Shiva’s World will present the cult of Shiva and his family, including Parvati, Ganesha, and Skanda, and the cult of the Shiva-linga as divine protector. A central focus will be the work of Khmer artists, who generated new forms of expressing Shiva’s identity not seen in India.
State Art will explore Buddhist art as an expression of state identity. It will focus on the patronage of the Mon rulers of the Dvaravati kingdom of central Thailand. This section will include some of the most monumental works in the exhibition: several large-scale sandstone standing Buddhas, sacred wheels of the Buddha’s Law, and steles depicting stories from the present and past lives of the Buddha.
The final section, Savior Cults, will be dedicated to the cult of the Bodhisattva, the Buddhist saviors and their dissemination throughout Southeast Asia.
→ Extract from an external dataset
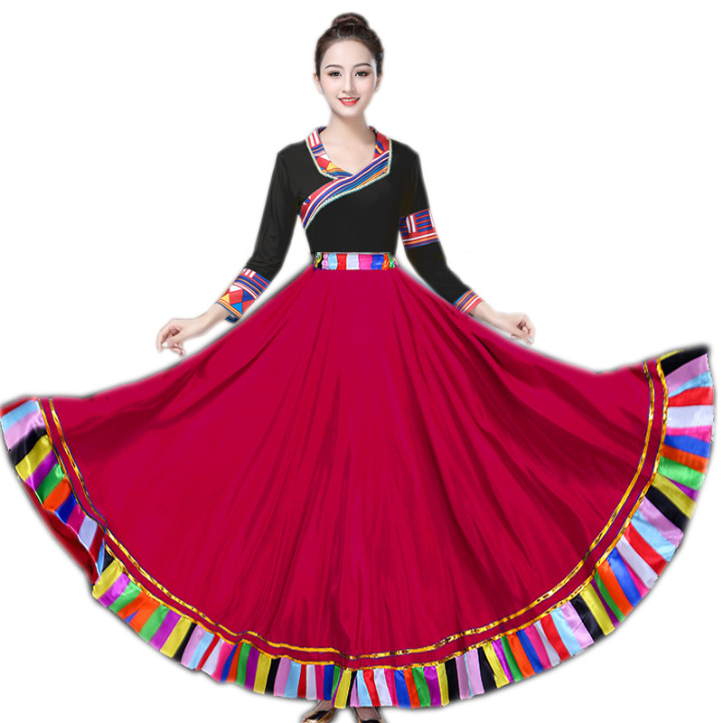 Тибетский танцевальный костюм, купол, юбка, юбка, юбка, платье, платье, платье, платье, платье, тибетское шоу, женская народная танцевальная одежда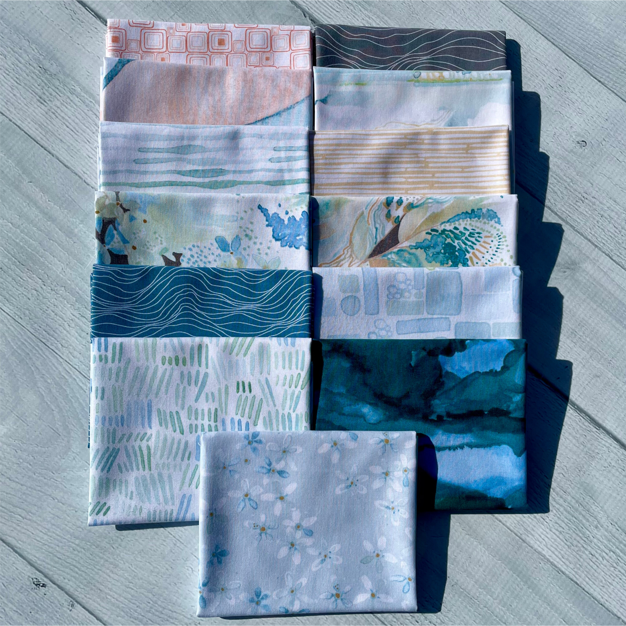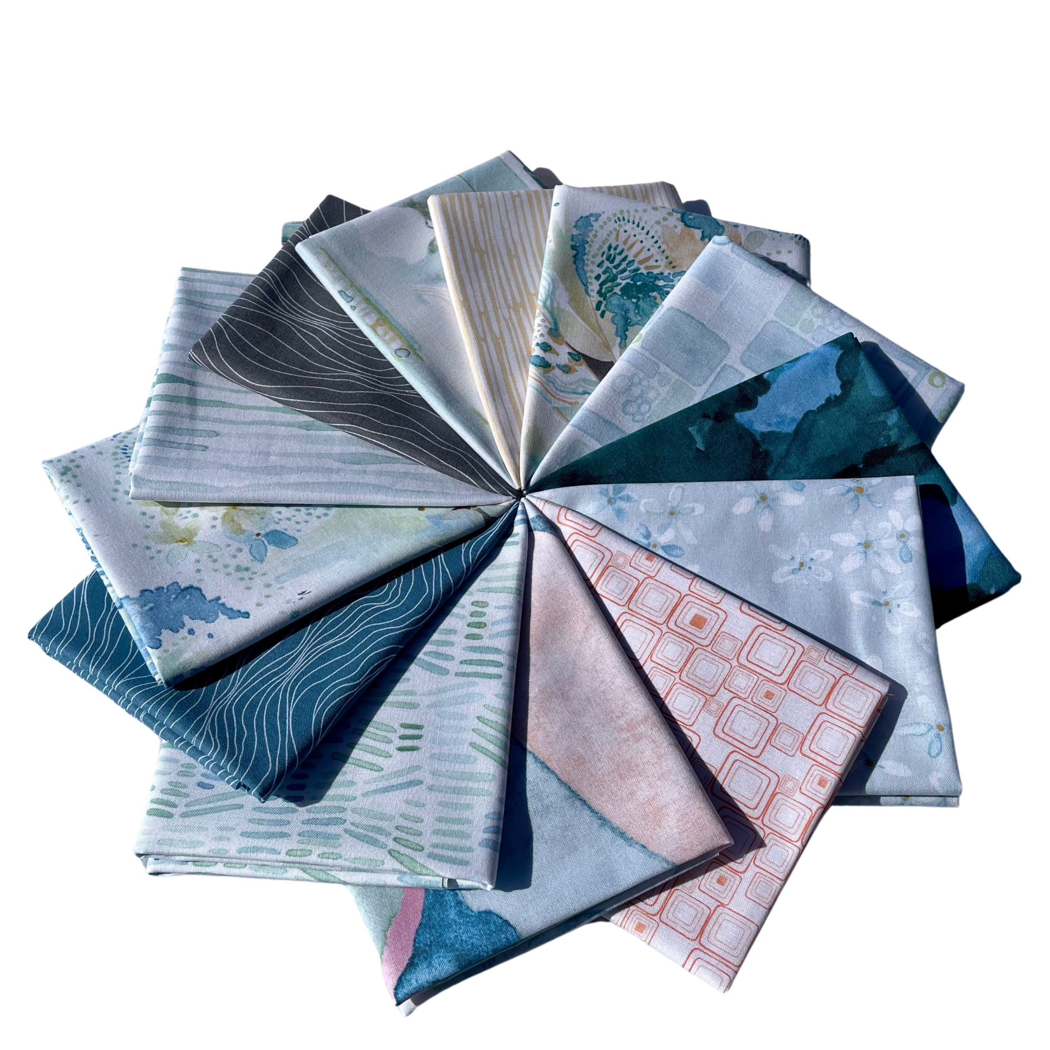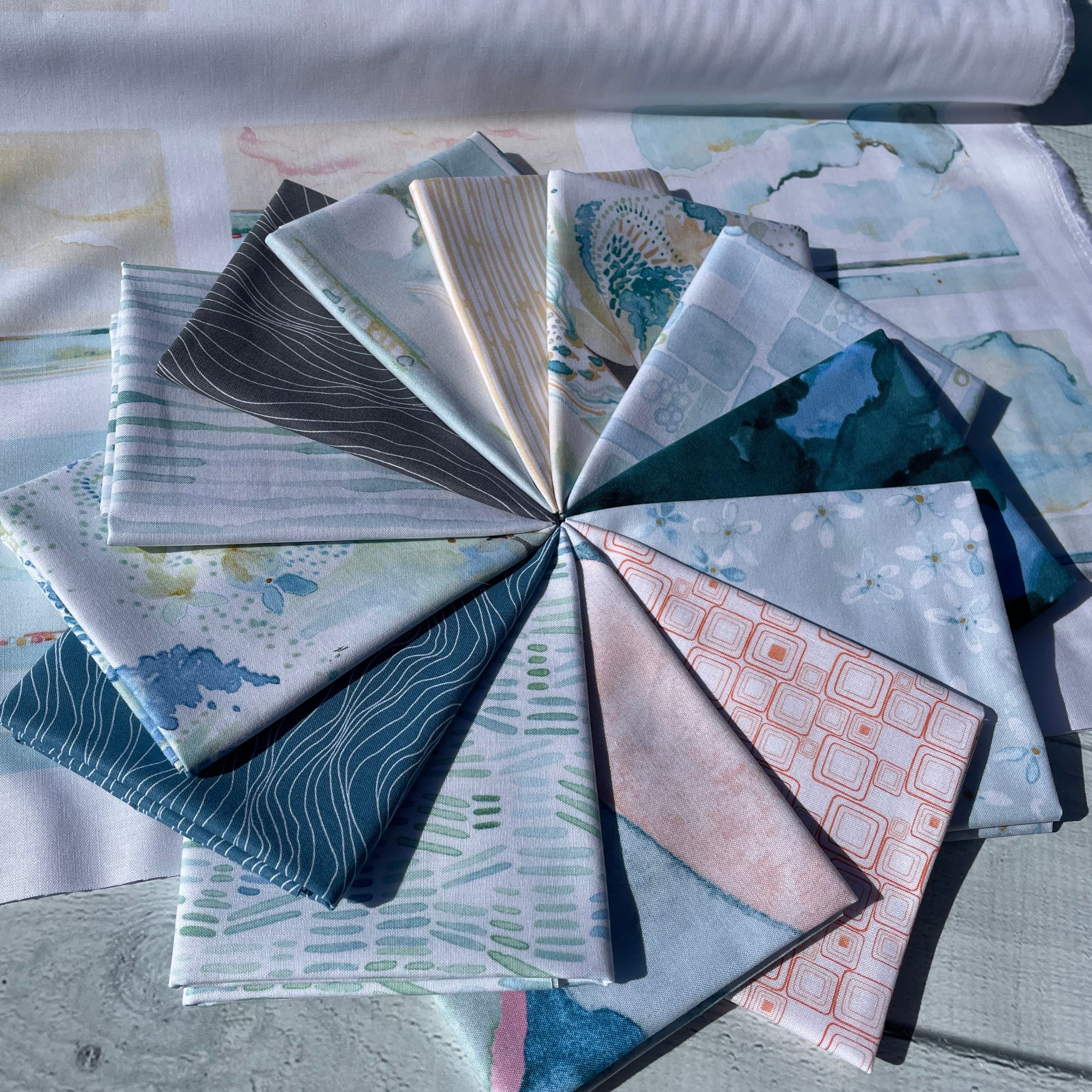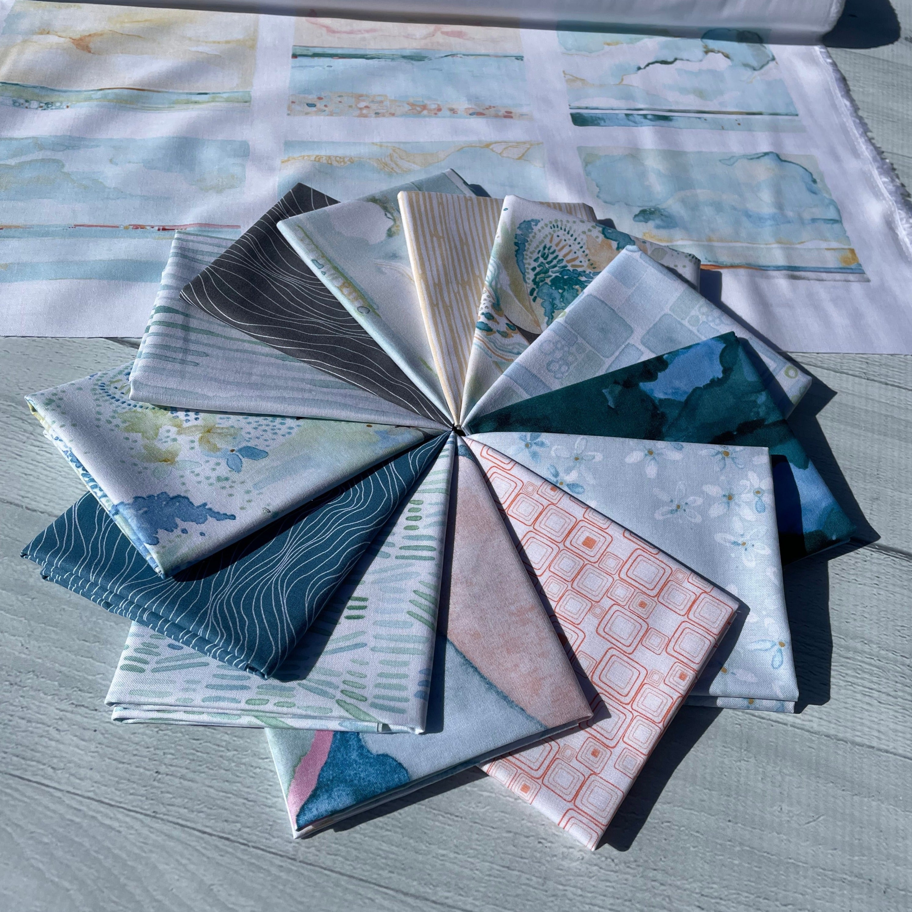 El paquete Natural Affinity Half Yard incluye 13 cortes de media yarda (18" x 44"), uno de cada estampado de la colección Natural Affinity más el panel diseñado por Shell Rummel para FreeSpirit Fabrics.

The expression of this tradition outlived its source in India, and its independent evolution is traced through major cult images that share an iconographic language, yet exhibit strong regional styles. The late 8th century also marked the beginning of a new age of Asian internationalism, in which the kingdoms of the region were linked through thriving international trade networks. Religious ideas, rituals, and imagery circulated quickly, unifying the region and integrating it into greater Asia as never before. This was reflected most strongly in the newly emerging, shared visual language in the service of Mahayana Buddhism.